BEGIN Information given

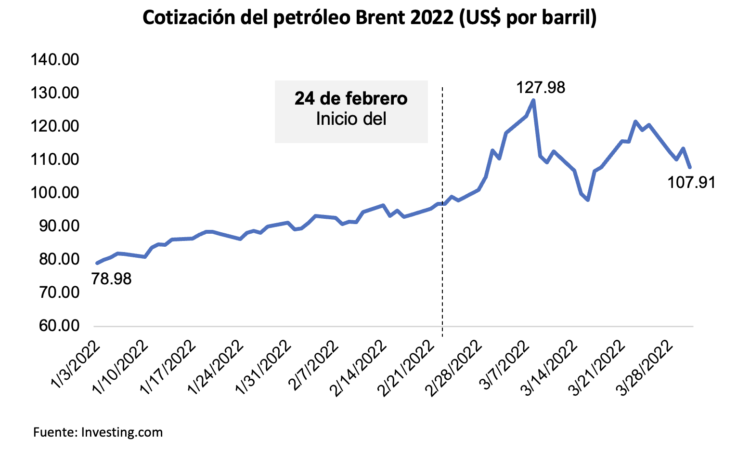 A inicios del presente año, la cotización del petróleo se encontraba en US$ 78.98 por barril, el cual alcanzó un máximo histórico de US$ 127.98 en los primeros días de marzo, luego del estallido de la guerra Ucrania – Rusia que fue el 24 de febrero. A finales de marzo, la cotización del barril de petróleo Brent, había aumentado en 36.6%, promedio.
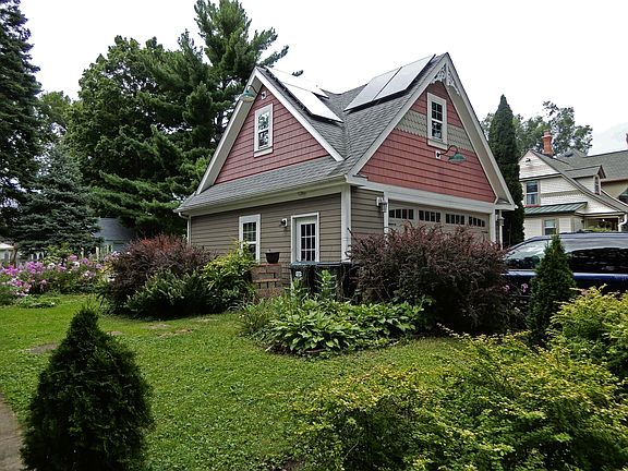 Ideal location in Palatine's historic district. This is a vintage 2 story frame cottage style home located on a corner lot. There is a newer detached two story garage accommodating 2 1/2 cars. The upper level was planned to be a living area. The homeowner was in the process of complete rehab of the residence. Electric and breaker box are new. Electric is supplemented by solar panels. Interior walls are down to frame, making it difficult to provide room descriptions and measurements. Records indicate this a 2 bedroom, 1 bath, 2 story with basement. These features are obtained from records.
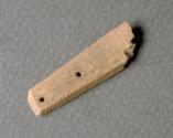 This virtually complete ceramic floor tile was probably made in the Aberdeen area, and perhaps in the area in which the friary was being constructed. It has been glazed in yellow and has a raised platform in the centre glazed in green.
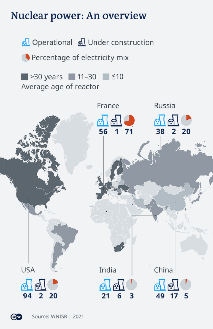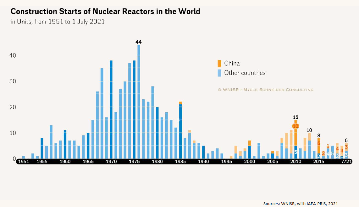 In totale, a livello mondiale, ci sono 53 unità in costruzione, ma di queste almeno 31 sono in ritardo: in 10 casi, l’inizio dei lavori risale a un decennio fa o più, comprese due unità la cui costruzione ha avuto inizio rispettivamente 36 e 45 anni fa.
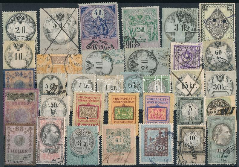 Leírás: 34 db régi magyar, osztrák és egyéb külföldi okmánybélyeg

END Information given

◆ **Work instructions**:
The entries are to be transcribed word for word, without their images.

◆ **Result of the task**:
 A inicios del presente año, la cotización del petróleo se encontraba en US$ 78.98 por barril, el cual alcanzó un máximo histórico de US$ 127.98 en los primeros días de marzo, luego del estallido de la guerra Ucrania – Rusia que fue el 24 de febrero. A finales de marzo, la cotización del barril de petróleo Brent, había aumentado en 36.6%, promedio.
 Ideal location in Palatine's historic district. This is a vintage 2 story frame cottage style home located on a corner lot. There is a newer detached two story garage accommodating 2 1/2 cars. The upper level was planned to be a living area. The homeowner was in the process of complete rehab of the residence. Electric and breaker box are new. Electric is supplemented by solar panels. Interior walls are down to frame, making it difficult to provide room descriptions and measurements. Records indicate this a 2 bedroom, 1 bath, 2 story with basement. These features are obtained from records.
 This virtually complete ceramic floor tile was probably made in the Aberdeen area, and perhaps in the area in which the friary was being constructed. It has been glazed in yellow and has a raised platform in the centre glazed in green.
 In totale, a livello mondiale, ci sono 53 unità in costruzione, ma di queste almeno 31 sono in ritardo: in 10 casi, l’inizio dei lavori risale a un decennio fa o più, comprese due unità la cui costruzione ha avuto inizio rispettivamente 36 e 45 anni fa.
 Leírás: 34 db régi magyar, osztrák és egyéb külföldi okmánybélyeg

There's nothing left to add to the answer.